O orçamento da União para 2022, sancionado na segunda-feira pelo presidente Jair Bolsonaro, é um melancólico retrato do momento político atravessado pelo país. Verdadeiras prioridades como investimentos, aportes para ciência e tecnologia, educação e ações sociais foram sacrificadas em nome da preservação de polpudos recursos para emendas, campanhas eleitorais e aumento de salário para categorias específicas. Ao fim, o corte de R$ 3,1 bilhões determinado pelos vetos do Planalto sequer arranhou os interesses dos aliados do governo no Congresso e o volume recorde de R$ 4,9 bilhões de dinheiro público que será destinado ao fundo partidário para ser usado na campanha eleitoral.

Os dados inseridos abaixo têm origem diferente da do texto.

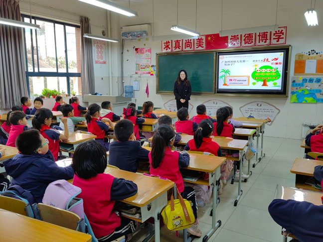 张依芳以《美丽中国是我的家》为题,通过播放歌曲《我爱你,中国》,让同学们寻找歌曲中赞美祖国的句子来抒发自己的爱国之情。
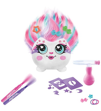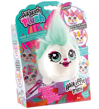 The Airbrush Plush soft toy is soft, sweet and cuddly, and you can color it yourself with the included 2 airbrush colours and 15 reusable templates.

Entre o futuro e outubro, optou-se pelo segundo, norteado apenas pela busca da sobrevivência política
As escolhas contidas no orçamento ilustram a realidade de Brasília: um Executivo débil que precisa abrir os cofres para o centrão em troca de uma tênue governabilidade. E um Congresso cada vez mais ávido por recursos que possa distribuir com objetivos eleitoreiros, deixando em segundo plano, se seus próprios interesses estiverem em jogo, as reais necessidades da população e programas de médio e longo prazo que possam contribuir para o desenvolvimento sustentado do país.
O orçamento reserva somente R$ 42,3 bilhões para investimentos. É apenas um quinto do valor destinado para esse fim 10 anos atrás. Trata-se do menor montante da história, o que certamente diminui o potencial de crescimento da economia em 2022. Note-se ainda que 40% desse volume será controlado por deputados federais e senadores e possivelmente será dirigido para obras paroquiais. Entre o futuro e outubro, optou-se pelo segundo, norteado apenas pela busca da sobrevivência política.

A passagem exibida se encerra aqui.